Semsis is a library for semantic similarity search. It is designed to focus on the following goals:
- Simplicity: This library is not rich or complex and implements only the minimum necessary for semantic search.
- Maintainability: Unit tests, docstrings, and type hints are all available.
- Extensibility: Additional code can be implemented as needed easily.
- Efficiency: Billion-scale indexes can be constructed efficiently. See docs/technical_notes.rst for details.
- faiss (see INSTALL.md)
- The other requirements are defined in
pyproject.toml
and can be installed viapip install ./
.
git clone https://github.com/de9uch1/semsis.git
cd semsis/
pip install ./
You can see the example of text search in end2end_test.py.
Note that this example is not optimized for billion-scale index construction.

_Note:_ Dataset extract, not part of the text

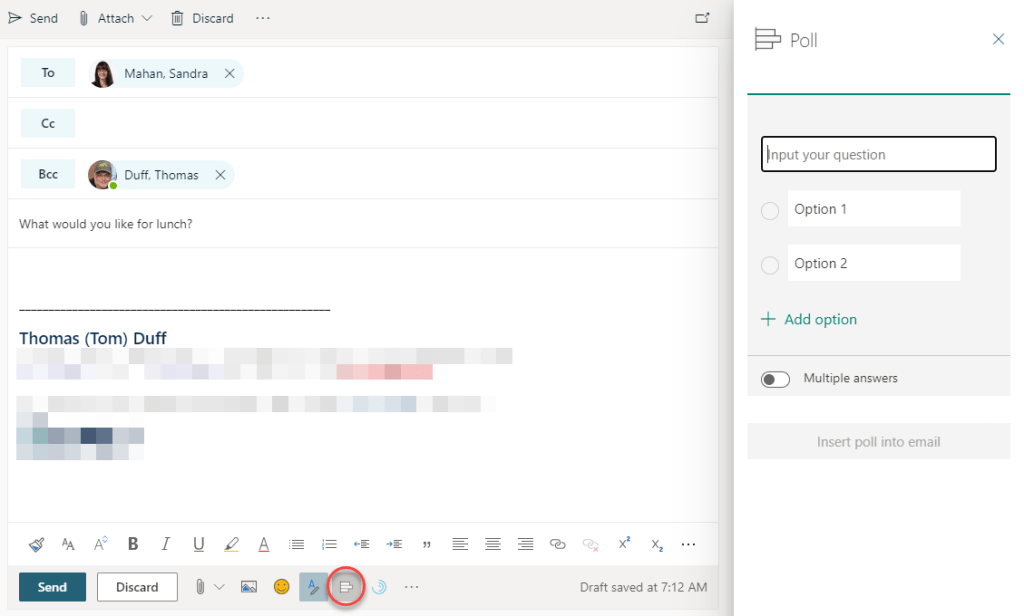 Now when you create a new email, you’ll see the Quick Poll icon in the toolbar. Click that icon, and you’ll see the Poll panel to fill in the name of the poll, the options in the poll, and whether multiple answers will be allowed:

If you find the efficient implementation, please see semsis/cli/README.rst.
- Encode the sentences and store in a key--value store.
from semsis.encoder import SentenceEncoder
from semsis.kvstore import KVStore
from semsis.retriever import RetrieverFaissCPU
import math
import numpy as np
TEXT = [
"They listen to jazz and he likes jazz piano like Bud Powell.",
"I really like fruites, especially I love grapes.",
"I am interested in the k-nearest-neighbor search.",
"The numpy.squeeze() function is used to remove single-dimensional entries from the shape of an array.",
"This content is restricted.",
]
QUERYS = [
"I've implemented some k-nearest-neighbor search algorithms.",
"I often listen to jazz and I have many CDs which Bud Powell played.",
"I am interested in the k-nearest-neighbor search.",
]
KVSTORE_PATH = "./kv.bin"
INDEX_PATH = "./index.bin"
INDEX_CONFIG_PATH = "./cfg.yaml"
MODEL = "bert-base-uncased"
REPRESENTATION = "avg"
BATCH_SIZE = 2
encoder = SentenceEncoder.build(MODEL, REPRESENTATION)
dim = encoder.get_embed_dim()
num_sentences = len(TEXT)
with KVStore.open(KVSTORE_PATH, mode="w") as kvstore:
# Initialize the kvstore.
kvstore.new(dim)
for i in range(math.ceil(num_sentences / BATCH_SIZE)):
b, e = i * BATCH_SIZE, min((i + 1) * BATCH_SIZE, num_sentences)
sentence_vectors = encoder.encode(TEXT[b:e]).numpy()
kvstore.add(sentence_vectors)
- Next, read the key--value store and build the kNN index.
with KVStore.open(KVSTORE_PATH, mode="r") as kvstore:
retriever = RetrieverFaissCPU.build(RetrieverFaissCPU.Config(dim))
retriever.train(kvstore.key[:])
retriever.add(kvstore.key[:], kvstore.value[:])
retriever.save(INDEX_PATH, INDEX_CONFIG_PATH)
- Query.
retriever = RetrieverFaissCPU.load(INDEX_PATH, INDEX_CONFIG_PATH)
query_vectors = encoder.encode(QUERYS).numpy()
distances, indices = retriever.search(query_vectors, k=1)
assert indices.squeeze(1).tolist() == [2, 0, 2]
assert np.isclose(distances[2, 0], 0.0)
Command line scripts are carefully designed to run efficiently for the billion-scale search. See semsis/cli/README.rst.
This library is published under the MIT-license.